Фенек перебил незримую собеседницу:

– Но ты ведь утверждаешь, что ты Бог, а это, по твоим же словам, почти то же, что и Природа! Ну так сделай что-нибудь, помоги мне реально! Сделай меня сильнее, больше, сделай меня огромным, зубастым, покрой меня чешуёй! я оторву голову этому проклятому коту! Он всё время крутится у входа в нашу норку. Я боюсь за наших детей!

Гидра молчала, а фенёк не унимался.

– И вообще, ты же сама и устраиваешь эти человеческие побоища, ты сама тут всем распорядилась, и вся эта кровь и смерть этих человеческих детёнышей – на твоей совести. Причём неизвестно, зачем это тебе нужно и что ты имеешь против этих людей, зачем тебе столько крови и зачем ты вмешиваешься в их жизнь именно так… А мне почему-то запрещаешь просто прибежать сюда на часок и немного полакомиться. Да ещё называешь меня людоедом! Не понимаю я этого.

– О, господи! Ну что я могу тебе объяснить? Что я управляю жизнью целого Города, что тысячи людей, сами того не подозревая, живут по моим законам, что скоро я подчиню себе весь Остров? а потом и всю Землю! Ты всё равно этого не поймёшь. У тебя самые низменные интересы – твоя самка, жратва, щенки…

– Нет, нет, нет! Хватит, ты меня запутала уже совсем! Давай поговорим об этом потом! Возвращайся завтра, все спокойно обсудим…

– Ты неисправим, из виртуозного охотника ты превращаешься в какого-то падальщика, в настоящего людоеда!

– Слушай, давай не будем ссориться! Мне совсем не до этого, люди ушли и мне нужно скорее добраться до места. Моя самка совсем изголодалась, дети высосали из неё всё молоко. Ей нужно восстановить силы.

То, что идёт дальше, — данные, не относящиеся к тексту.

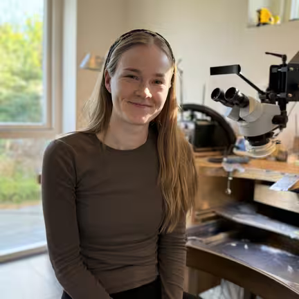 Vores dygtige guldsmedelærling Sara er i gang med at udvikle sine færdigheder, og hun glæder sig til at hjælpe dig/jer med dit/jeres næste smykkeprojekt.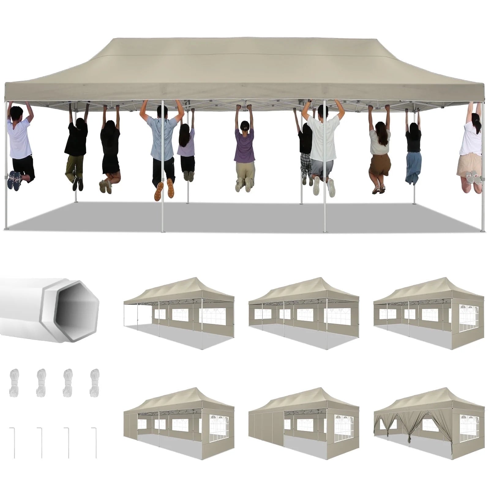 - 1 x 10'x30' Heavy Duty Canopy Frame 1 x 10'x30' 420D Oxford Fabric Top Cover 3 x Sidewalls with Zipper Door +5 x Sidewalls with Windows 4 x Ground Nails 4 x Ropes 1 x User Manual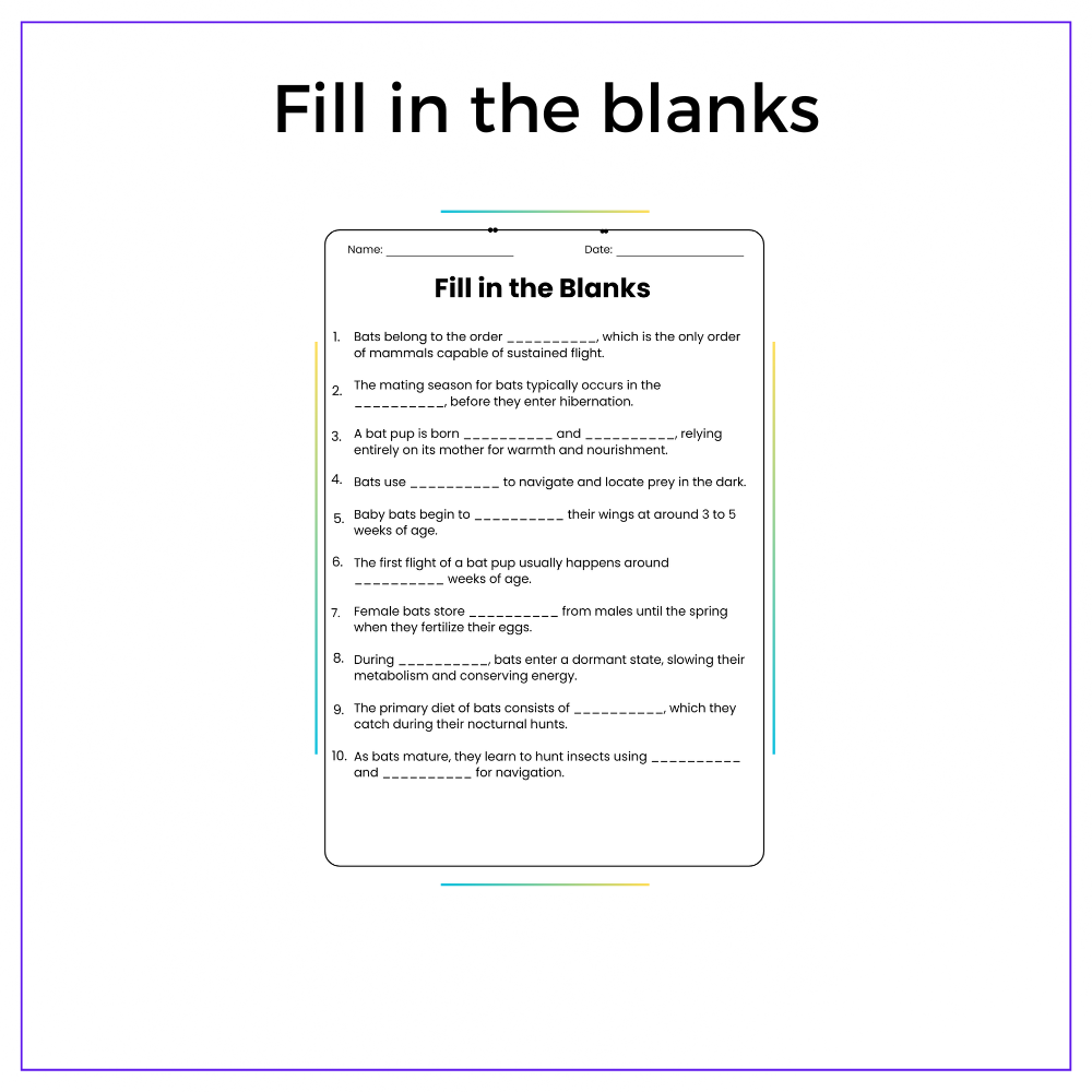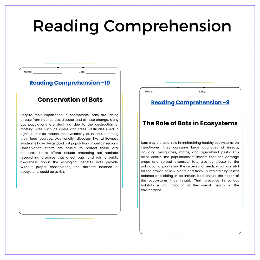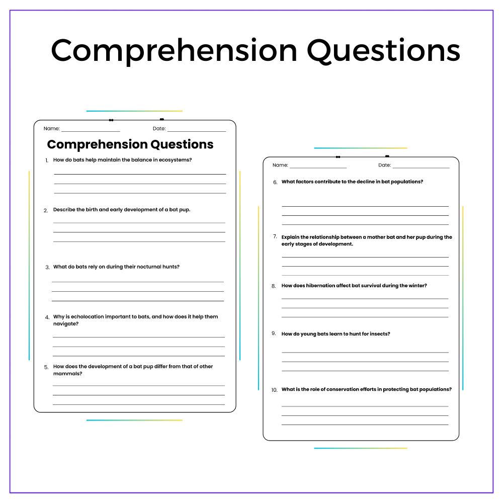 • Comprehension passages – Clear explanations of a bat’s life cycle

– Ладно, давай. Но будь осторожен! Пожалуйста. У меня не так много друзей, я не хочу тебя потерять. Будь осторожен!

Fennecus zerda снова почувствовал лёгкое головокружение – так уходила Гидра из его головы. Он вновь оказался сам собой, сам по себе. Он оглянулся – самка бежала за ним, отставая на полкорпуса. Уши она прижала, немного повернув их назад, продолжая прислушиваться к тому, что происходит со стороны норы – ведь там остались щенки.

Когда Fennecus оглянулся, она весело вильнула хвостом и перешла на галоп. Они помчались, перегоняя друг друга, высунув языки, истекая горячей голодной слюной, ощетинив рыжие холки. Умопомрачительный аромат усиливался, заполняя всё вокруг, оттесняя на задний план все запахи короткой летней ночи. Они поднялись на огромный холм, где русло высохшей реки делало крутой поворот, быстро оценили ситуацию – никого, и кубарем скатились вниз.

3

В основных дисциплинах Дуб, однако, не уступал другим Воинам, любил тренироваться, прекрасно дрался, и единственное, что отличало его от них, – скрытность, склонность к одиночеству и отсутствие чувства товарищества.

Свет-мой поправлялась медленно. Давно затянулась сеченая рана на левой груди, зажили и исчезли без следа множественные ранки, ссадины и синяки. Девочка лежала, не поднимаясь, и лишь по прошествии месяца начала немного двигать пальцами ног и рук. Воробей, верный её дружок, очевидно, нанес ей удар рукояткой меча, как и было заранее договорено, между лопаток, ближе к шее. Ведь это было тогда для девочки тем самым ничтожным шансом, который позволил бы ей вернуться домой. И, о чудо, так оно и случилось! Невозможно даже поверить, что все сложилось, как было задумано. Но что стало с ним? Где он теперь? Жив ли? Всё, что теперь известно, так это то, что его не было среди павших. Это уже проверено. А значит, возможно, они ещё когда-нибудь встретятся… Она так скучала теперь по нему.

Так думала девочка, проливая тихие слезы по тому, кто был посвящен в её тайну, кто любил её и опекал, не смея к ней прикоснуться, не смея разрушить детскую тайную дружбу, так неожиданно возникшую среди всего этого армейского уродства и тупости.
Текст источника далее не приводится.